I do, however, see potential in using the search engines -- as David is using. Google is a natural choice, but perhaps the more interesting one at this point is Yahoo's search engine for two reason: 1) it has a
an option for search Creative Commons licensed materials and 2) this type of search is available through an API that has more open terms than the Google API For example,
Yahoo! Search Results for Milosz (CC materials) and the XML from
a search of CC modifiable stuff on Milosz and The Creative Commons itself hosts a Nutch-based
search engine -- but I don't see any signs of an API yet. The availability of APIs is definitely hit-or-miss these days.

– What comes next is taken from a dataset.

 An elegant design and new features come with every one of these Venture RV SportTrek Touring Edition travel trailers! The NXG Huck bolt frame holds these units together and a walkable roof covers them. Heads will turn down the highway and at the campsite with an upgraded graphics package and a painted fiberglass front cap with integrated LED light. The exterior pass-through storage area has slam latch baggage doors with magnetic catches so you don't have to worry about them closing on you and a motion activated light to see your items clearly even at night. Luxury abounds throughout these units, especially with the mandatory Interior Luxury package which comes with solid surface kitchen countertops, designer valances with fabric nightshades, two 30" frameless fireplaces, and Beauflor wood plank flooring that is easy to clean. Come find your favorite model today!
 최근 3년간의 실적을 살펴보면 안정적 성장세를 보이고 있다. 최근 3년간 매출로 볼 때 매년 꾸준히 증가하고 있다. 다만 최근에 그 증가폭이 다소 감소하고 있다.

Flickr's search API has an option for looking for CC marked photos. Apparently, ourmedia.org doesn't yet have any API:
Open API | Ourmedia. The bottom line right now is that by using a mix of Yahoo's search API aimed at CreativeCommons matierials and a bunch of other techniques (to be elaborated later), we can start explicitly hooking SB into the world of open content. A search API that is particularly tuned to open content sources might make for even better functionality, but that might still need to be proven. (For example, the NSDL does provide the
NSDL Repository API, and we have implemented searching the NSDL repository in SB through that API -- but I have not yet seen particular benefit from using that API over say using a general search engine yet.)

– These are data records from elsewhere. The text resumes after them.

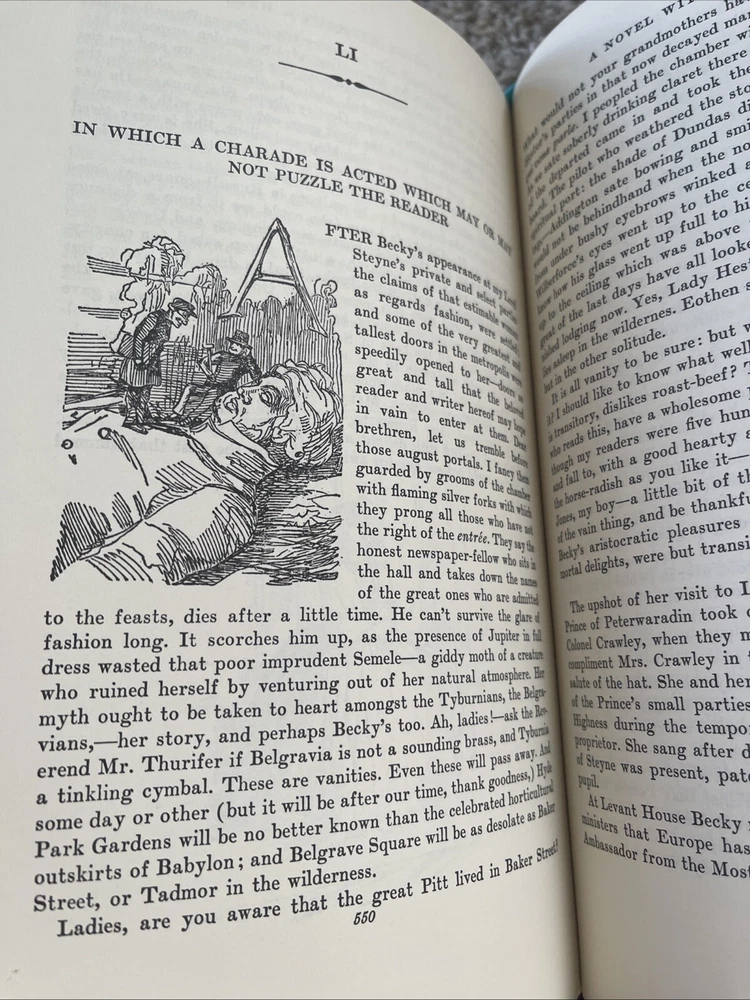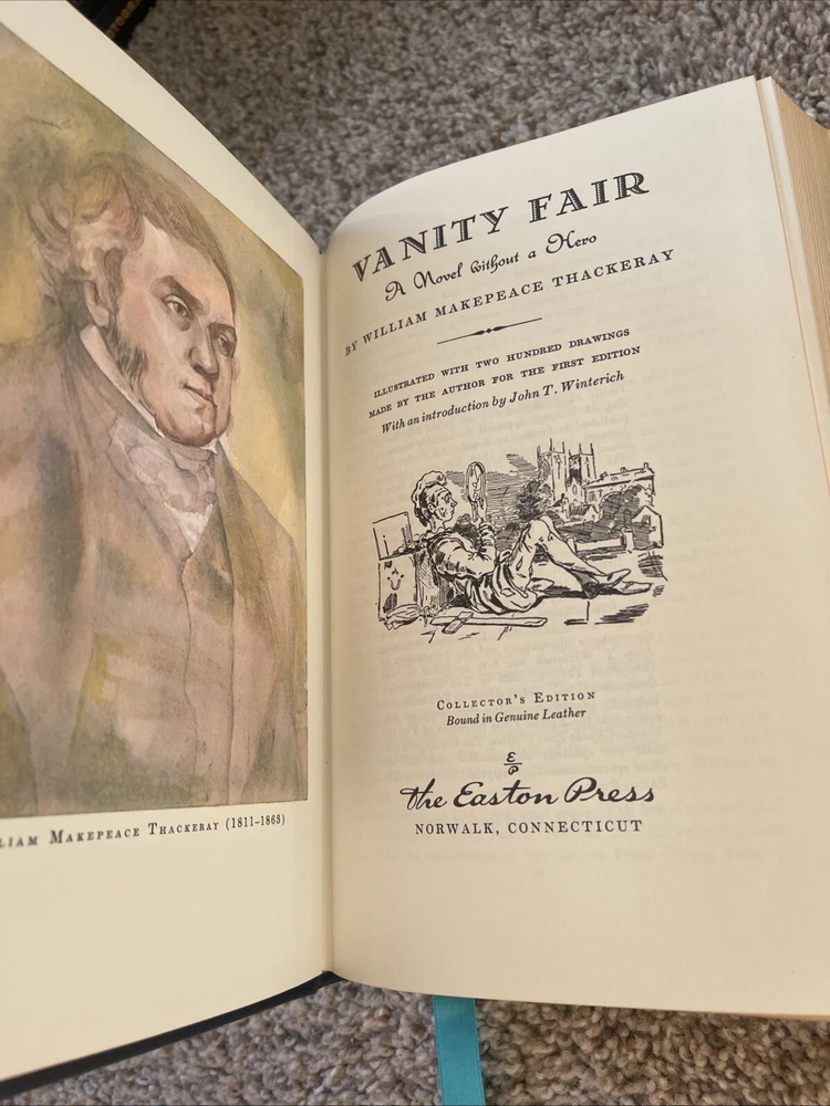 Add a leather bound classic to your shelf! This is a collector's edition of "Vanity Fair" by William Makepeace Thackeray, published by Easton Press. The book is bound in leather and beautifully illustrated. It is written in English and falls under the category of classics in literature and fiction. This edition is an original copy and is highly sought after by collectors.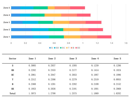 In every zone, the average and total value of each sector of the counties were calculated to reflect the zones’ carbon emission governance problems in each sector and the overall level of low-carbon development. The higher the average value of the sector, the more critical is the governance problem in it. For a zone as a whole, a high total value means relatively high carbon emissions. The table in Figure 3 shows the average and total values of the 5 zones in the 6 sectors.
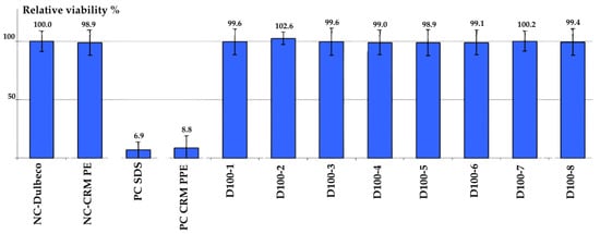 Human keratinocyte cell line (HEKA 500K, SN 34120) was cultured under standard conditions (37 ± 1 °C, 5 ± 0.5% CO2, 75 ± 5% RH). Cells were exposed to sample extracts or by direct contact for 72 h. The same extracts were consistently used throughout the study. Extracts were prepared by cutting the test materials into pieces corresponding to 3 cm2/mL, immersing them in DMEM cell culture medium supplemented with bovine serum, and incubating at 37 °C for 24 h in an orbital shaker incubator. After incubation, the mixtures were vortexed, and the liquid phase (extract) was collected for use in the experiments. For each well of the 24-well plate, 2 mL of extract was applied. A 10% (w/v) sodium dodecyl sulfate (SDS) solution was used as the positive control. Control samples were prepared in the same manner as the test samples: cut into 3 cm2/mL pieces, immersed in DMEM medium supplemented with bovine serum, incubated at 37 °C for 24 h in an orbital shaker incubator, vortexed, and the liquid phase was collected for use. All treatments were performed in triplicate [].
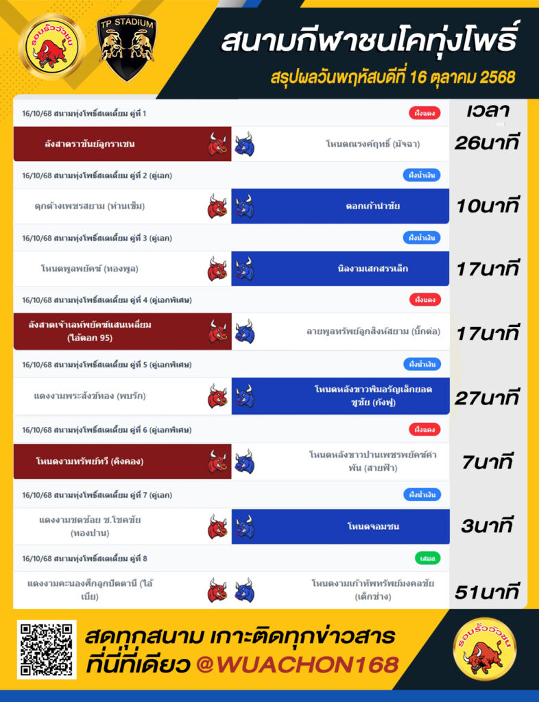 สรุปผลวัว ทุ่งโพธิ์ วันที่ 16 ตุลาคม 2568

There is a lot of related work that I have not worked into this essay, but which may be relevant for more thinking. The library community has invested a lot of effort into thinking into ederated searching, metasearch and OAI harvesting. I have been wondering what can be learned from efforts to federate search over learning object repositories such as
Splash.
I look forward to finding out more about open content projects. I'm particularly curious about the status of EduCommons, specifically the following description:
EduCommons Update — wiley.ed.usu.edu: "One of the nastinesses of making entire courses worth of content available in this way is linking to and embedding granular content. In EduCommons all resources are stored in the repository as first class objects with their own unique identifiers. Putting things in the repository is easy, but once the resource names change based on the GUID assignment, hooking all the pieces back together can be tedious to say the least."